Chapter 10 Rurik #3
“Dance with me.” I hold out my hand. “I don’t know the steps, but I’m a fast learner.”
She stares at me for a long moment. Then she laughs—bright and surprised and real—and takes my hand.
“You’re going to be terrible at this.”
“Probably. Teach me anyway.”
She teaches me. I’m terrible. She laughs the entire time, guiding my feet through patterns I keep forgetting, catching me when I stumble.
“Left foot. Left foot. Rurik, that’s your right—“
“All feet look the same from up here.”
“That’s not how anatomy works.”
“I’m a dragon. Dragon anatomy is different.”
She snorts. “Dragon anatomy has nothing to do with—you know what, never mind. Just follow me.”
I follow her. Badly. But she’s laughing and I’m laughing and somewhere in the middle of it all, dancing becomes an excuse to hold her close.
The music ends. We’re both breathing hard. She’s still in my arms.
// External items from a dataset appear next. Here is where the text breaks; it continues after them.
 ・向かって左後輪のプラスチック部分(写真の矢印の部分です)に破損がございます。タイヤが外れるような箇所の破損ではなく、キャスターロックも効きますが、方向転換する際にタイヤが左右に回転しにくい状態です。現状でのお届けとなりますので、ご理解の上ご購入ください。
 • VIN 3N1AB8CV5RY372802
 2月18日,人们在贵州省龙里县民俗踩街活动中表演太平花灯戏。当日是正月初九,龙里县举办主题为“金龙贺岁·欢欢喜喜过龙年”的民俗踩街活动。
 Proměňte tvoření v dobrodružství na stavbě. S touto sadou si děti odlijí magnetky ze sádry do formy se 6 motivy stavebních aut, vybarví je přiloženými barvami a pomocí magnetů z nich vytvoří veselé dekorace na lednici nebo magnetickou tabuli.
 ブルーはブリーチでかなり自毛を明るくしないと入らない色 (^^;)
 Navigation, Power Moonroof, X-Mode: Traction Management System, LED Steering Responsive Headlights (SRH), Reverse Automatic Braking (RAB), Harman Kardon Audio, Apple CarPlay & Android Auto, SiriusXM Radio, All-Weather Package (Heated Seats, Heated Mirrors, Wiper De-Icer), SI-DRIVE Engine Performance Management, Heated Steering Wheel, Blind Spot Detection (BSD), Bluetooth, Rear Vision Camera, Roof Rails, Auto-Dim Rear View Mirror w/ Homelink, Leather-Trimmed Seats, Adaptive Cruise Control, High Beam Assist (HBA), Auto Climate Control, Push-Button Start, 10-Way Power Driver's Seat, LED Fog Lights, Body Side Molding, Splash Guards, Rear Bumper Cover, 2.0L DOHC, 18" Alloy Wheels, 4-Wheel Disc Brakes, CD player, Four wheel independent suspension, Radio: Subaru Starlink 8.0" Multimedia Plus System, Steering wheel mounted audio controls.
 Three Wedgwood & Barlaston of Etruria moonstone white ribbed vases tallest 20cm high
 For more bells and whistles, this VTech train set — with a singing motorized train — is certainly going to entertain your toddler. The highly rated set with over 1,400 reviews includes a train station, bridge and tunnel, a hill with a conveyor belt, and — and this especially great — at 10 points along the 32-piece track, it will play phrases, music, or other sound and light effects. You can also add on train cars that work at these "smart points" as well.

“That was terrible,” she says.
“The worst.”
“You stepped on my foot at least twelve times.”
“I lost count at eight.”
She grins up at me. “Same time tomorrow?”
“You want to do this again?”
“I want to see if you can actually learn.” Her fingers tighten on my shoulder. “Besides. It was fun.”
“Fun?”
“Don’t let it go to your head.” She’s still smiling, still close, and when she finally pulls away, her hand drags slowly down my arm.
“Goodnight, Rurik.”
“Goodnight, Aisling.”
I stand in the storage room for a long time after she leaves, heart pounding, the ghost of her laughter echoing in my ears.
Progress, the dragon purrs. More tomorrow.
Selene finds us in the corridor outside the library, arguing loudly about whose turn it is.
“You got the last three activities!” I’m holding a piece of parchment above my head, well out of Aisling’s reach.
“Because you kept finding loopholes!” She jumps for the paper, laughing. “Swimming in the lake doesn’t count if you bring a flotation device!”
“The inflatable dragon was for safety!”
“The inflatable dragon was bright pink and shaped like Drayke! He saw it! He had questions!”
“What are you two doing?” Selene’s voice cuts through our chaos, but she’s grinning.
Aisling points at me, still laughing. “Rurik’s trying to kill me with cliff diving and haunted lakes.”
I point at her. “Aisling’s trying to bore me to death with silence and medical textbooks.”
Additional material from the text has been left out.